# Extracted material
Segment Open

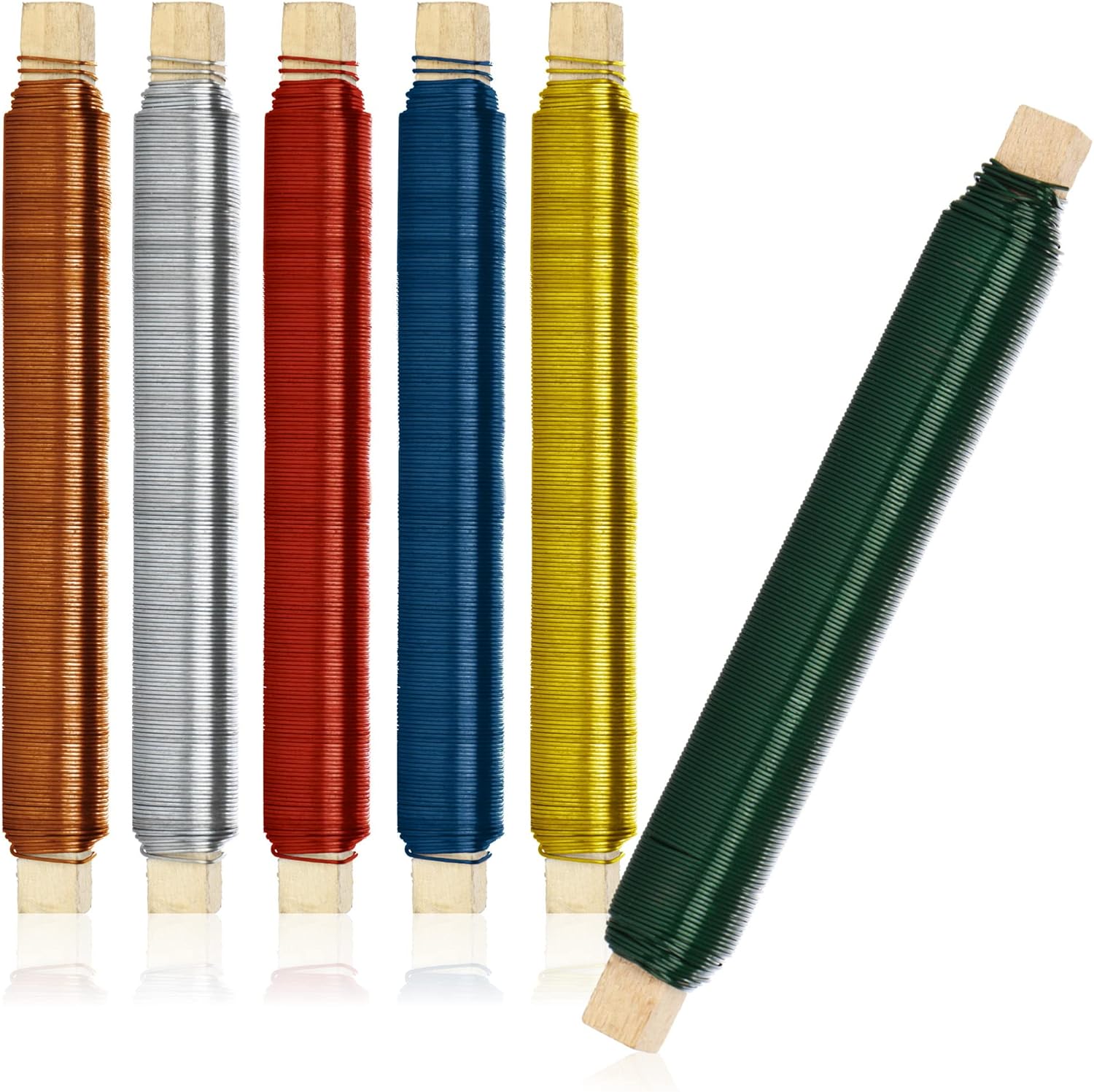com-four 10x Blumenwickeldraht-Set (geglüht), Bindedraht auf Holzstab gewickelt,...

Segment Closed
Segment Open

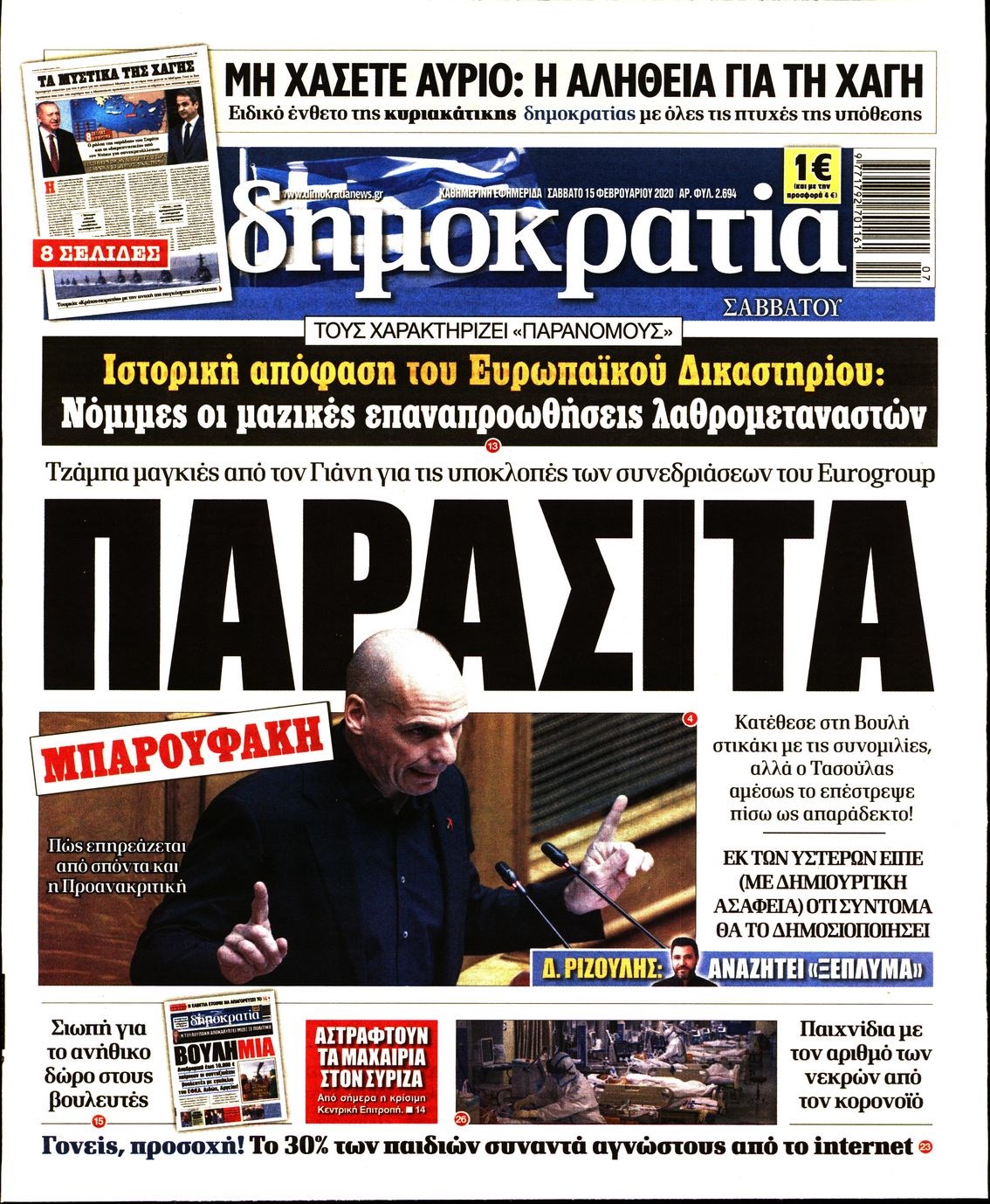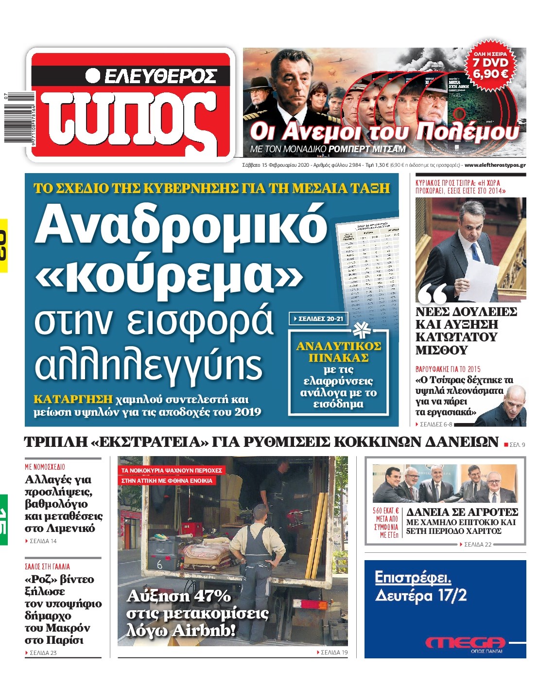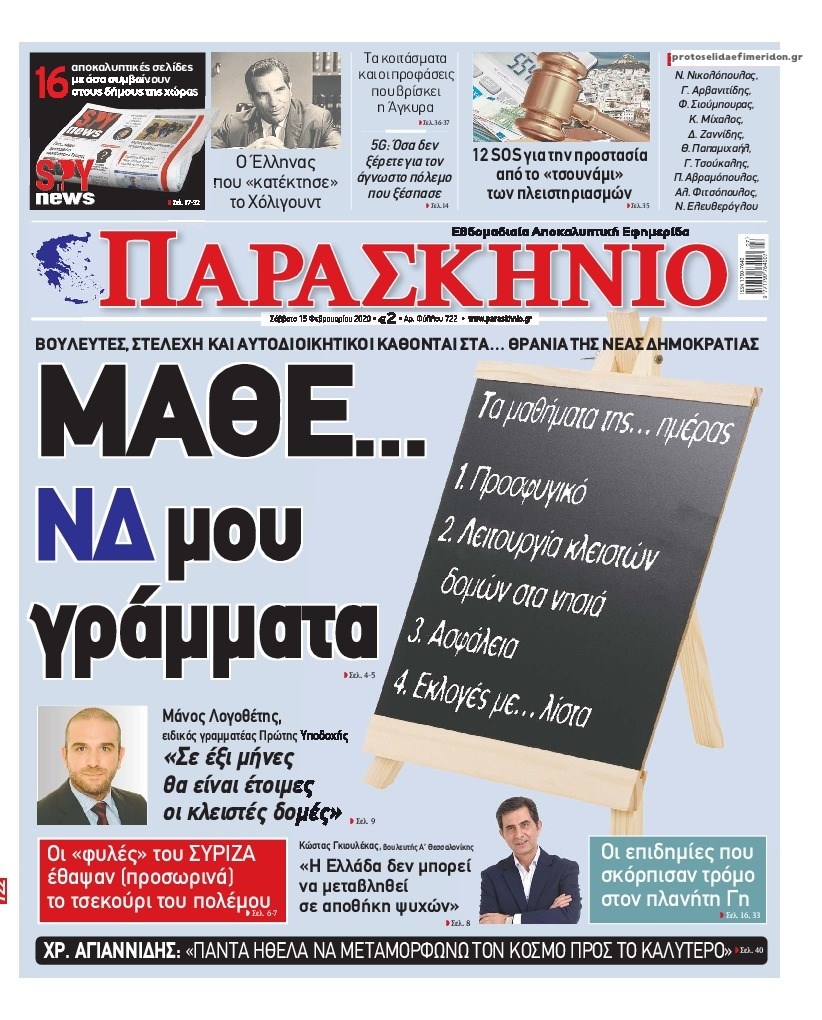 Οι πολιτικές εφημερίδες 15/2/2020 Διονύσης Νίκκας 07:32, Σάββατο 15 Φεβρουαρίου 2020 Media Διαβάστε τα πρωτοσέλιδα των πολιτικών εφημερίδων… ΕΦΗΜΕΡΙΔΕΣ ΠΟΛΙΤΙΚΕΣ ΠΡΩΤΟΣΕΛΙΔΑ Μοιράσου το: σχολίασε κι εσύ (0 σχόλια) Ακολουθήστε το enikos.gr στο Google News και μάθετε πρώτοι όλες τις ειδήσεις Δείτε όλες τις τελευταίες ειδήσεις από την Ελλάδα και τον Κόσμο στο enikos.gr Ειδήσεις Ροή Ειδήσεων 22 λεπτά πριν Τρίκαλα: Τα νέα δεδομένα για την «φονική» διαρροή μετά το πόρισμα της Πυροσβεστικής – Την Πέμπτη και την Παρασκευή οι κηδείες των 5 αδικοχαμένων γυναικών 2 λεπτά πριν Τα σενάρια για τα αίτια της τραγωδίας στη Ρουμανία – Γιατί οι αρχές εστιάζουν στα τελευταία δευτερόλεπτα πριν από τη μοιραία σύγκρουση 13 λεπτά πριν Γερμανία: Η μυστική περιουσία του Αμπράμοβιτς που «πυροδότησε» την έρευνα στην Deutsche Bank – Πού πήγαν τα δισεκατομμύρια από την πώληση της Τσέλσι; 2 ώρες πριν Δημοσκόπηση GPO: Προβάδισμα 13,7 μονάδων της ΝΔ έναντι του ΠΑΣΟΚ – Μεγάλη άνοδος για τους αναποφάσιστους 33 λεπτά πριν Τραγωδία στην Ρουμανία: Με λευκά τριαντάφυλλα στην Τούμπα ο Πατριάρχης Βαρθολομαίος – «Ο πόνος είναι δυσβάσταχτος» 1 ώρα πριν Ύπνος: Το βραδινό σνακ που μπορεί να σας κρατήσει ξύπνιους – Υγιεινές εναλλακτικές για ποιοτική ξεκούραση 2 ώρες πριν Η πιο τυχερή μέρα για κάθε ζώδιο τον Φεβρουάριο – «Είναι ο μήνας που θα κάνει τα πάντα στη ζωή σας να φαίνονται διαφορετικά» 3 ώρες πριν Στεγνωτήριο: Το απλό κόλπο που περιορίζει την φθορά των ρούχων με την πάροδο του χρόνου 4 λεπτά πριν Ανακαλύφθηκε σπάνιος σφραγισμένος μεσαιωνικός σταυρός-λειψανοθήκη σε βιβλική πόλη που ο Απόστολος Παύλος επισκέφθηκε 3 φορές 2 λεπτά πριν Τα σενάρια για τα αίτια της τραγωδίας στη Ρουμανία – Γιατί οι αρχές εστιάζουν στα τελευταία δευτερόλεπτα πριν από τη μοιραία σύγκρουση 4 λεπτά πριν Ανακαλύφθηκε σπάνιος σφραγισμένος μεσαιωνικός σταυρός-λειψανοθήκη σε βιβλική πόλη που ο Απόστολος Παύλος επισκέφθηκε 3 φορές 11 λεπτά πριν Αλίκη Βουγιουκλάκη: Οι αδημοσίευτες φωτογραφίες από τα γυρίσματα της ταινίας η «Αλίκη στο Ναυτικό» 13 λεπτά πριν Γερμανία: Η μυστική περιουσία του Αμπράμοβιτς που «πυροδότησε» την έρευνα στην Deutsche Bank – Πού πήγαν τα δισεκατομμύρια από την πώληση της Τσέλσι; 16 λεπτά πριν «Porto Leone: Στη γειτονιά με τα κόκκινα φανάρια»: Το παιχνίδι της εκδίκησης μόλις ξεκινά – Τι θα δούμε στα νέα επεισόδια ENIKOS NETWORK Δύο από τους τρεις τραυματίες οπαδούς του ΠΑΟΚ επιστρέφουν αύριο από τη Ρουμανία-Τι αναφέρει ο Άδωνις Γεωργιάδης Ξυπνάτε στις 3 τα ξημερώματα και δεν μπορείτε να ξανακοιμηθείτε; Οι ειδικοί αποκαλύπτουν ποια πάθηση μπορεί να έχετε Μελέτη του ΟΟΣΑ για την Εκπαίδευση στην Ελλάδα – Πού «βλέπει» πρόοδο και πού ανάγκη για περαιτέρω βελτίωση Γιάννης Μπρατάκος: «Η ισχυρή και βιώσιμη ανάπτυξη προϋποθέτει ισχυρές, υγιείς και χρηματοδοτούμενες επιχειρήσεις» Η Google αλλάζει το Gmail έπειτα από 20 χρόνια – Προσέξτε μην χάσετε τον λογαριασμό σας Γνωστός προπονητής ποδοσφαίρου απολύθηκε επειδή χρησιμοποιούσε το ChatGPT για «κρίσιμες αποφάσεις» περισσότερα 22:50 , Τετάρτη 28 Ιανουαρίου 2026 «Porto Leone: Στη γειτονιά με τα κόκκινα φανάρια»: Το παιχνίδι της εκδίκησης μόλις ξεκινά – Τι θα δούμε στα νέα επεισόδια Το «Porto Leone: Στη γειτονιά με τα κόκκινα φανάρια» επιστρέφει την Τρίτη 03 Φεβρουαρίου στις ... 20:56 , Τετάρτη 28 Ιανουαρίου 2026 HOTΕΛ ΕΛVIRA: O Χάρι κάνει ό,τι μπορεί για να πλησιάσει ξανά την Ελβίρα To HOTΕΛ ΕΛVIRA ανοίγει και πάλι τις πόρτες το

Segment Closed
Segment Open

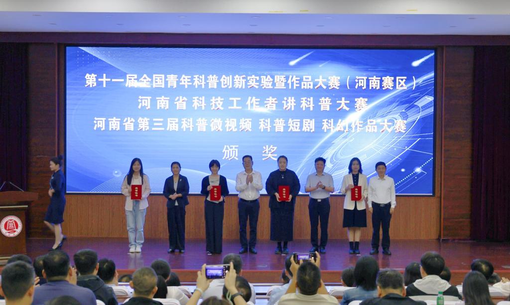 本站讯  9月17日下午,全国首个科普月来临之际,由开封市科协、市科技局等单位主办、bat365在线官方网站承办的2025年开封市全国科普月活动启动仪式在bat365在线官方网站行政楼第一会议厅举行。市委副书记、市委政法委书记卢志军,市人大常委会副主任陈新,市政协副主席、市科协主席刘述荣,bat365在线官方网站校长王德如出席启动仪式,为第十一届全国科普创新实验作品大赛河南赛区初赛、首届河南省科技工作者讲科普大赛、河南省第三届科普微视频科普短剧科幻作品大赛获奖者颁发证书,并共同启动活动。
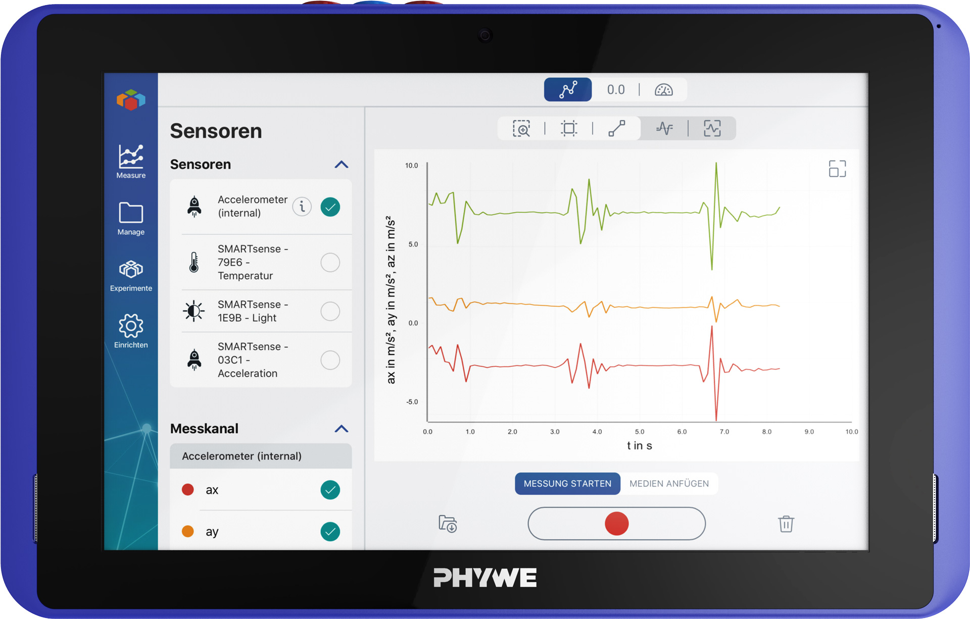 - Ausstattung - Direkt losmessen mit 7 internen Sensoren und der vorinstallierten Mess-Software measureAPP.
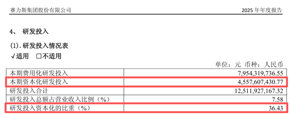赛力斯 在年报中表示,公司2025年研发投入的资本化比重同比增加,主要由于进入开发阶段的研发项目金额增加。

Segment Closed

For this exercise, transcribe exactly the part of the records above that opens with the line containing "本站讯  9月17日下午,全" and closes with the one containing "赛力斯 在年报中表示,公司2". Pictures are not part of the copy.

 本站讯  9月17日下午,全国首个科普月来临之际,由开封市科协、市科技局等单位主办、bat365在线官方网站承办的2025年开封市全国科普月活动启动仪式在bat365在线官方网站行政楼第一会议厅举行。市委副书记、市委政法委书记卢志军,市人大常委会副主任陈新,市政协副主席、市科协主席刘述荣,bat365在线官方网站校长王德如出席启动仪式,为第十一届全国科普创新实验作品大赛河南赛区初赛、首届河南省科技工作者讲科普大赛、河南省第三届科普微视频科普短剧科幻作品大赛获奖者颁发证书,并共同启动活动。
 - Ausstattung - Direkt losmessen mit 7 internen Sensoren und der vorinstallierten Mess-Software measureAPP.
赛力斯 在年报中表示,公司2025年研发投入的资本化比重同比增加,主要由于进入开发阶段的研发项目金额增加。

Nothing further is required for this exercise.